The grand jury indicted the petitioners for embezzlement, that is, fraudulently appropriating public property. Petitioners were not charged with violation of any of the statutes related to reporting to the Fair Political Practices Commission.

Petitioners moved to dismiss the five counts of the indictment on the basis that the prosecution's theory rested solely on double dipping, the misuse of the $75 allotment when petitioners had not paid for their own meals. Petitioners contended that the prosecution violated its statutory duty to present the grand jury with exculpatory evidence. This evidence consists of two Irwindale documents, a 2002 resolution and a 2002 city manager memorandum, which appear to state a policy or--at least--a practice that each Irwindale official is entitled to a daily $75 allotment while traveling on city business, even if that official's meals were paid for by a third party.

In opposition, the deputy district attorneys who appeared before the grand jury presented their declarations stating that they had no personal knowledge of the 2002 city manager's memorandum and the prosecution was not limited to the double dipping theory. After much discussion as to whether the theory of double dipping was the sole basis for the prosecution and whether the prosecutors violated their statutory duty, respondent court denied the motion to dismiss. This petition followed.
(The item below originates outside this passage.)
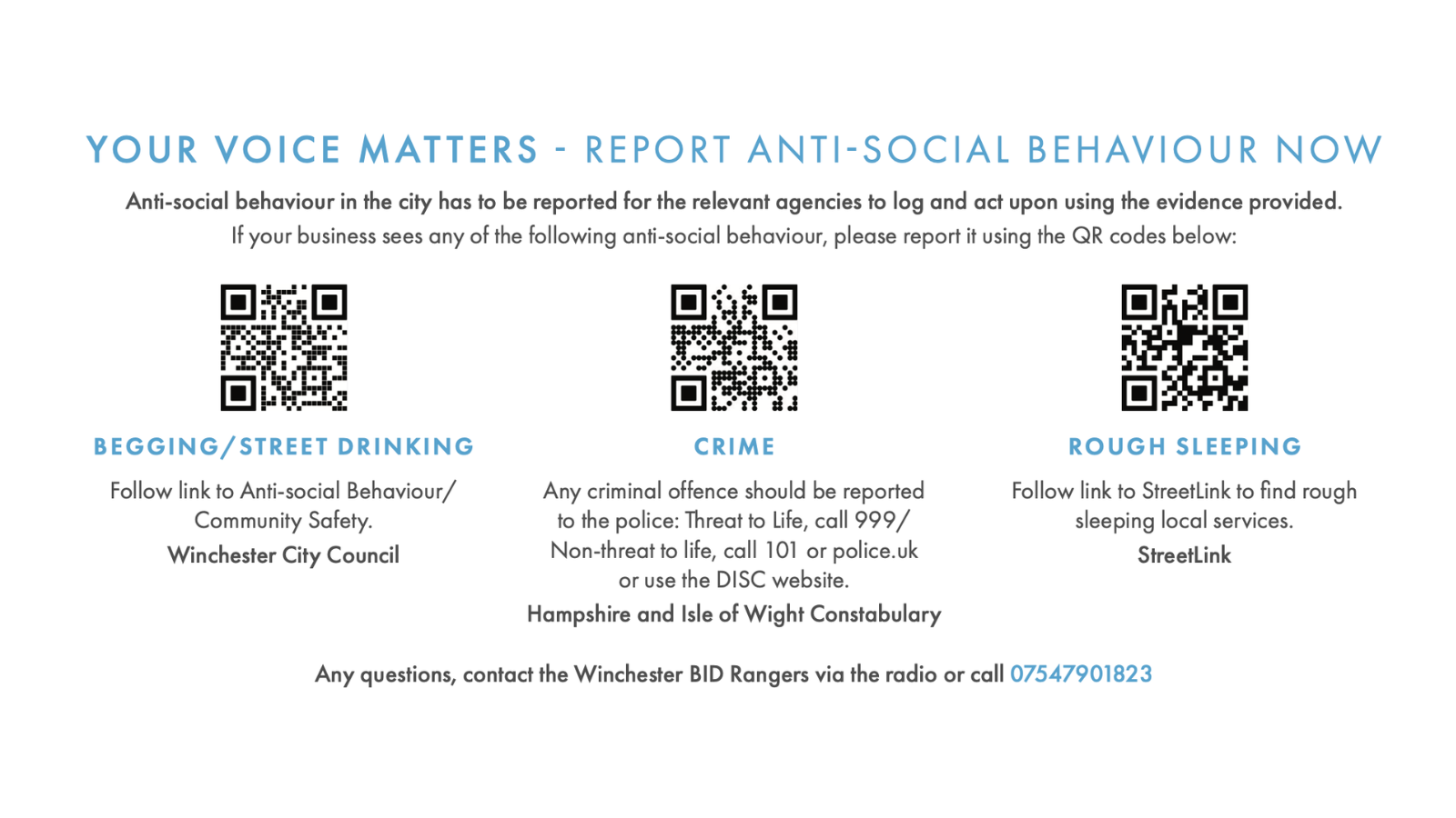 Working closely with the Police and other agencies, we introduced the Winchester BID Rangers scheme in 2018 to help reduce business crime and provide additional security in the city centre. The Rangers are security trained and accredited and patrol Winchester city centre streets as part of the BID’s commitment to providing a safer environment and to help reduce low level crime and antisocial behaviour. The Rangers also assist businesses to report crime and antisocial behaviour to the appropriate authorities and please see below for further information. In addition, the Rangers play an important ambassadorial role in the city and help tourists and visitors with directions, information and assistance. To contact the Rangers, please call 07547901823 or send an email to: winbid@venturesec.co.uk.

Petitioners contend that the prosecution violated its statutory duty to ensure the independence of the grand jury by withholding exculpatory evidence. They assert that this omission was so prejudicial as to require the dismissal of the five counts against petitioners.

Resolution and memorandum

On March 28, 2002, the Irwindale City Council passed, approved and adopted Resolution, No. 2002-17-1808, which provides:

"WHEREAS, the City of Irwindale ('City') has adopted a travel and meeting expense policy providing procedures for the expenditure and accountability of the City's funds for travel and meetings related to the proper business of the City; and

"WHEREAS, the City's travel and meeting expense policy provides that the rate at which the reimbursable expenses of mileage and meals incurred for City business by its officers, employees, commissioners and members of the City Council shall be established by City resolution; and

"WHEREAS, the City has reviewed actual expenses incurred by Council and staff members at recent conferences and determined that the current $50 per day rate does not cover current reasonable per diem actual expenses, and should be increased.

"NOW, THEREFORE, the City Council of the City of Irwindale finds, determines and resolves as follows:

"1. The mileage expense incurred by the officers, employees, commissioners and members of the City Council of the City for the proper business and benefit of the City shall be reimbursable by the City at the rate established by the Internal Revenue Service.

"2. The per diem rate for meals shall be seventy-five dollars ($75.00) per day.

"3. This resolution supersedes and replaces prior resolutions establishing the mileage reimbursement rate and per diem allowance."

The resolution was approved by Breceda, as mayor, and Garcia and Ramirez as members of the city council, along with council member Pat Miranda.

Via an interoffice memorandum dated July 25, 2002, City Manager Steve Blancarte*fn4 clarified the resolution, explaining that the per diem allowance was raised from $50 to $75, and adding, "'"Note that this allotment is to be provided regardless of the inclusion of meals at the conference or workshop. This interpretation is intended to partially offset the hardship incurred by those officials traveling overnight on city business."'"

At oral argument, Deputy District Attorney Carolyn Nakaki acknowledged that both the supervising attorney of the Fraud and Corruption Division and the investigator for that division knew of the 2002 resolution and the 2002 memorandum. The investigator, Roberto Allas, referred to both documents in his affidavit in support of a 2008 search warrant of the office, vehicle, and American Express credit card records of John Charles Fitzgerald, one of Irwindale's financial advisors.

Grand jury proceedings

Deputy District Attorney Max Huntsman began the proceedings by stating that the petitioners took public money and spent it on themselves in "fancy meals and trips to New York that were really entertainment for them." He did not refer to the petitioners as "targets" until he began to speak of their submission of reimbursement forms.*fn5

The first witness to testify before the grand jury was Robert Griego, Irwindale city manager from 1997 to 2000, who returned to that position "in 2004 or 2005." He testified that during his first tenure, city officials were required to submit receipts in order to be reimbursed for expenses. Reimbursement without receipts would have been against policy. When he returned to his position in Irwindale, he learned that the policy had been changed and that receipts were no longer required for reimbursement. Additionally, officials would be paid a set amount for daily expenses. Griego ...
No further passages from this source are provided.